- Rather than the market slump or uncertain investors, Circle now blames the SEC.
- Aside from FTX, the SEC has been cautious about the whole cryptocurrency sector.
USDC stablecoin issuer Circle claims the SEC’s inactivity caused it to be unable to go public. Via a $9 billion SPAC merger last year. In the wake of the FTX cryptocurrency exchange’s collapse last month. A planned merger between Circle and Concord Acquisition, a special-purpose acquisition firm established by former Barclays CEO Bob Diamond, was scrapped.

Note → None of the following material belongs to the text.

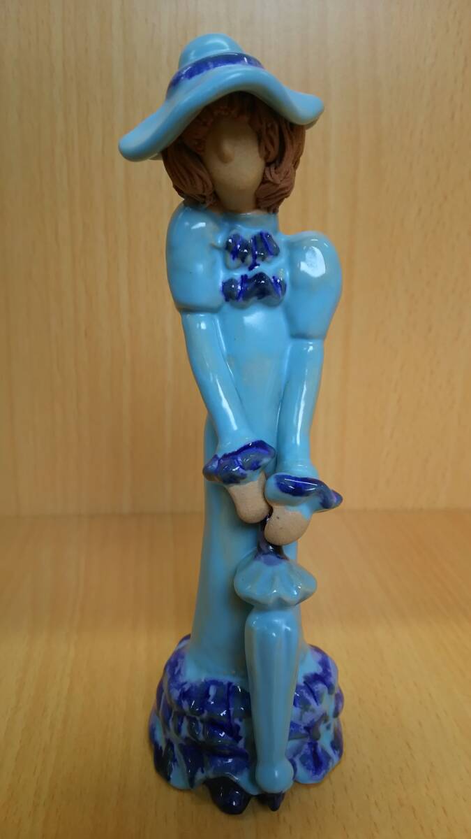 - 【菊水-785】(E)陶器人形/青いドレスと傘を持った女性/フィギュリン/置物/オブジェ/インテリア(yu)

According to CMC, Circle is the issuer of USDC. The second biggest stablecoin, which has a market worth of $43.7 billion. Rather than the market slump or uncertain investors, Circle now blames the SEC, as reported by The Financial Times. The S-4 registration is necessary for the issuance of additional shares. Reportedly did not get regulatory approval in time before the agreement’s expiry.
Stringent Approach by SEC Over Time
The SEC registration procedure was never something it anticipated would be simple, said Circle. However, the SEC was not pleased enough to provide permission before the transaction expired. Which was 15 months after Circle first filed with the agency.
Aside from FTX, the SEC has been cautious about the whole cryptocurrency sector. Grayscale’s planned spot crypto ETF, along with others like it, have all been denied or postponed, despite the fact that multiple Bitcoin futures-based ETFs have already been authorized.
In addition, the Commission has been active on the enforcement front, despite the widespread perception of its inaction or repeated rejections of proposals meant to rein in the expanding industry. The SEC charged cryptocurrency exchange Gemini on January 12 for failing to register the Genesis-powered Earn programme.